_Task instructions_.
For this exercise, an exact copy is needed of only the lines from the one containing "4、他们协助医护人员做核酸。维持现场秩序,为村民登记信息,指导村民核酸顺序。" through the end of the data, with pictures left out.

_Extracted entries_.
▽
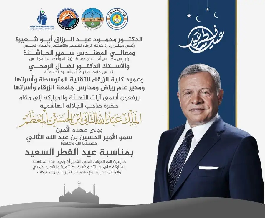 جامعة الزرقاء تهنئ الملك والأسرة الهاشمية
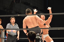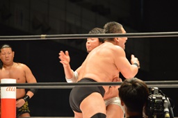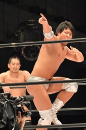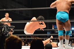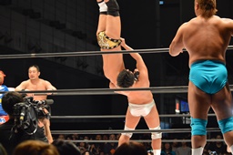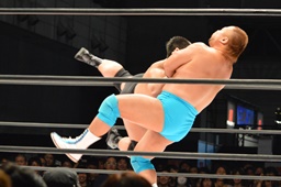 勝俣ボディスラムからカバー、2で返されるとジャンプしてダブルフットスタンプ(左写真)。
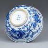 碗的外壁以青花颜料在开光内描绘山水景物与花卉纹样。画中山水、亭台与花卉描绘精致,既呈现了理想化的自然风景,又蕴含富贵吉祥的寓意。青花发色清透深沉,笔触精炼细腻,充分体现了乾隆时期官窑瓷器的典型特征。
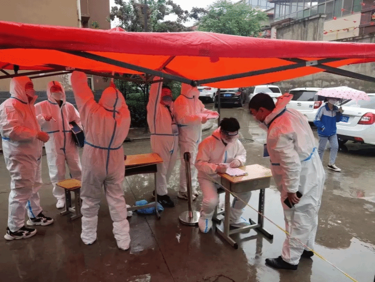 4、他们协助医护人员做核酸。维持现场秩序,为村民登记信息,指导村民核酸顺序。
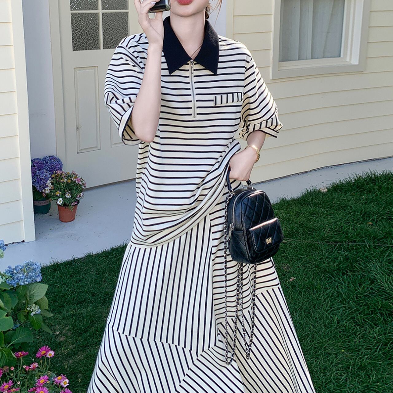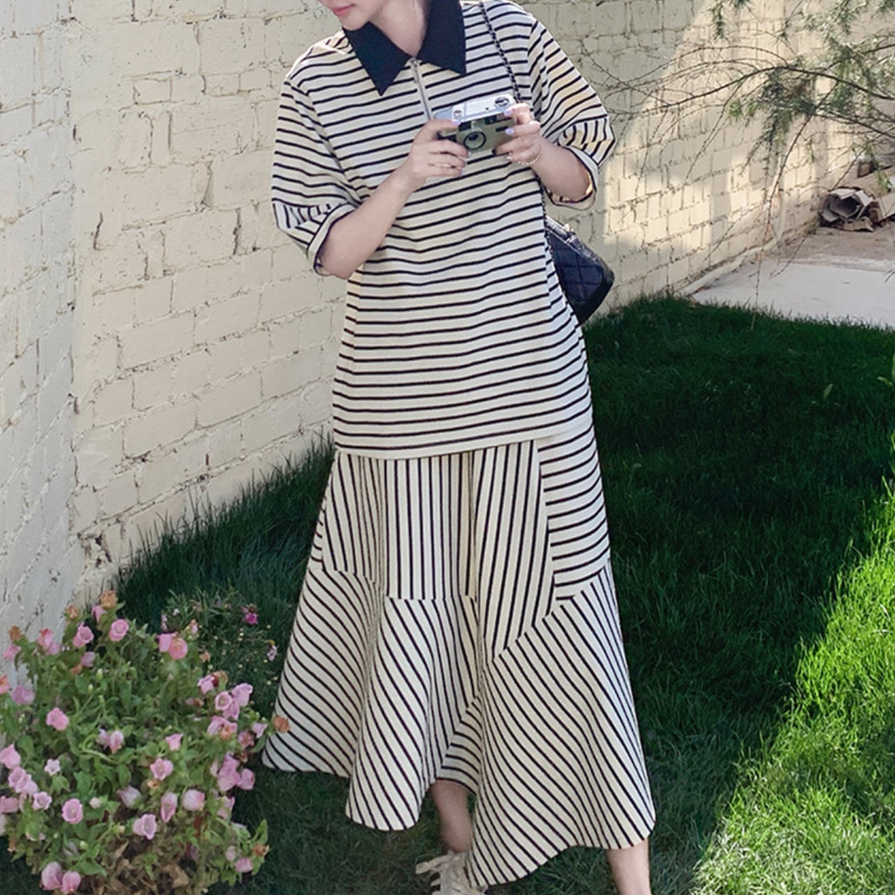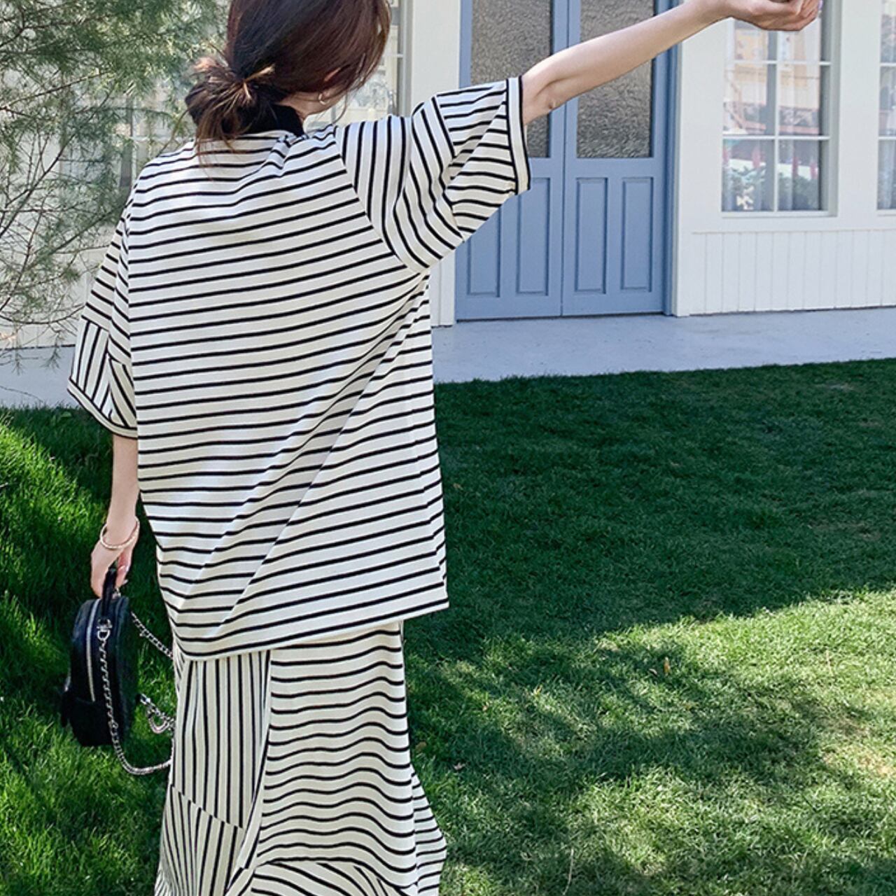 Striped polo collar T-shirt & skirt set S774
△
_Written answer_.
 4、他们协助医护人员做核酸。维持现场秩序,为村民登记信息,指导村民核酸顺序。
 Striped polo collar T-shirt & skirt set S774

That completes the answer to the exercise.